Task goal.
Set down the data below in full, exactly as it reads, but without the pictures.

Dataset content.

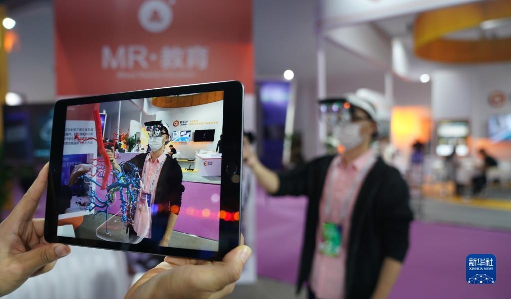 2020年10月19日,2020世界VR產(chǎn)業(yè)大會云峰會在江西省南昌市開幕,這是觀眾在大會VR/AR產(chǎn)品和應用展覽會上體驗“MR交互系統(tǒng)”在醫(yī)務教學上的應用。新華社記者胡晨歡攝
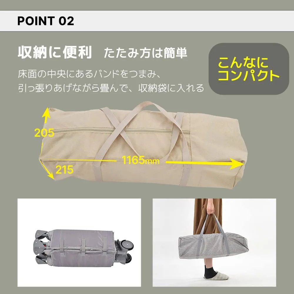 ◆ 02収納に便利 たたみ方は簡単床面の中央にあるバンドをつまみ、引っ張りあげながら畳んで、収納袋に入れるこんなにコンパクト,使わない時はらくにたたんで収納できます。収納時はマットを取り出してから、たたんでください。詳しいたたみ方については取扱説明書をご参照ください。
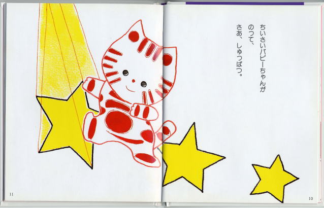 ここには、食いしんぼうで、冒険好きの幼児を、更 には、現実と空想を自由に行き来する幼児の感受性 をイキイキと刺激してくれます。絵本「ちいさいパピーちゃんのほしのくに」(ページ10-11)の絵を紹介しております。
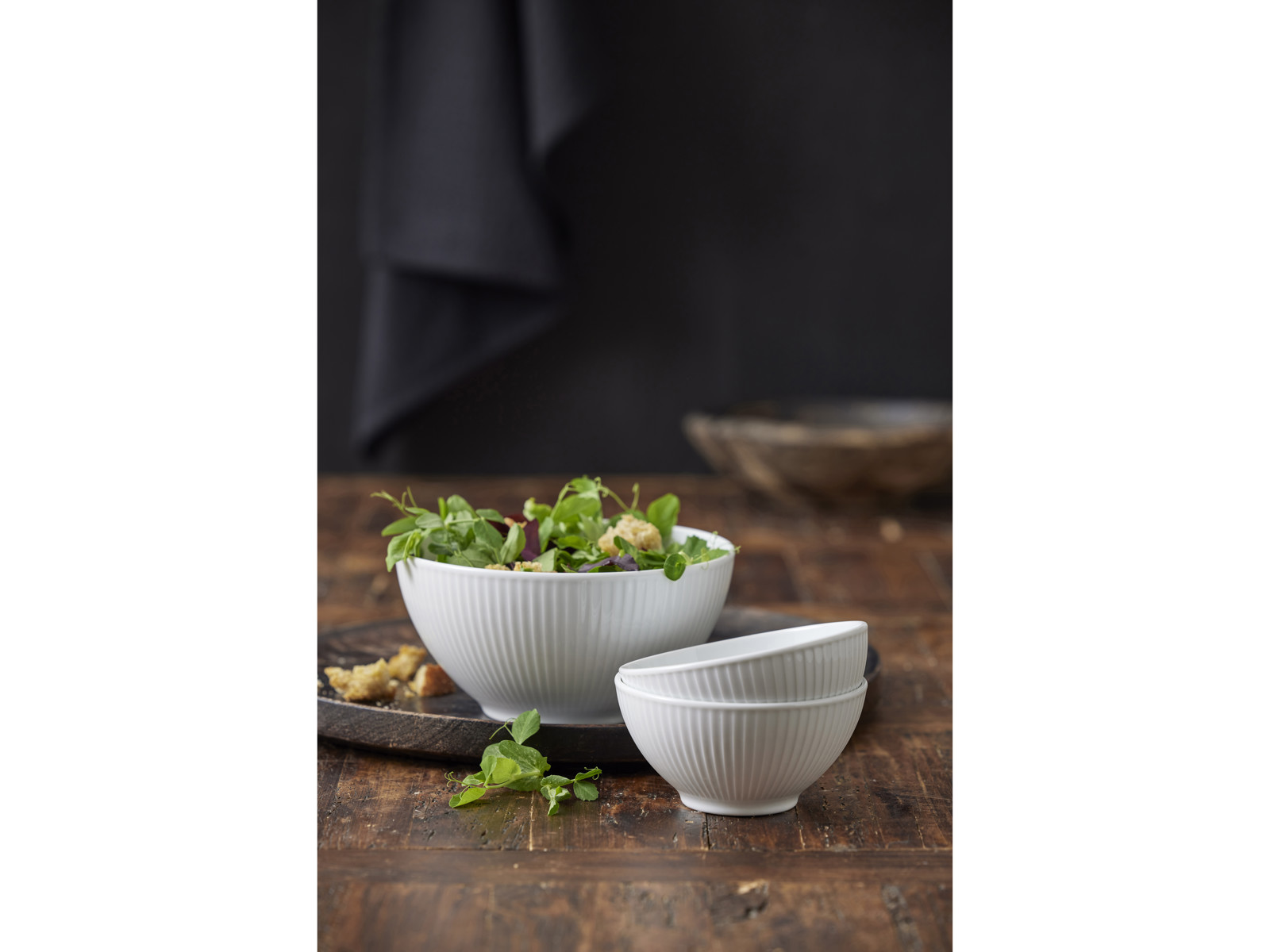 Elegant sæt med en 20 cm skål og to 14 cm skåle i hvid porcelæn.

Solution for this exercise.
 2020年10月19日,2020世界VR產(chǎn)業(yè)大會云峰會在江西省南昌市開幕,這是觀眾在大會VR/AR產(chǎn)品和應用展覽會上體驗“MR交互系統(tǒng)”在醫(yī)務教學上的應用。新華社記者胡晨歡攝
 ◆ 02収納に便利 たたみ方は簡単床面の中央にあるバンドをつまみ、引っ張りあげながら畳んで、収納袋に入れるこんなにコンパクト,使わない時はらくにたたんで収納できます。収納時はマットを取り出してから、たたんでください。詳しいたたみ方については取扱説明書をご参照ください。
 ここには、食いしんぼうで、冒険好きの幼児を、更 には、現実と空想を自由に行き来する幼児の感受性 をイキイキと刺激してくれます。絵本「ちいさいパピーちゃんのほしのくに」(ページ10-11)の絵を紹介しております。
 Elegant sæt med en 20 cm skål og to 14 cm skåle i hvid porcelæn.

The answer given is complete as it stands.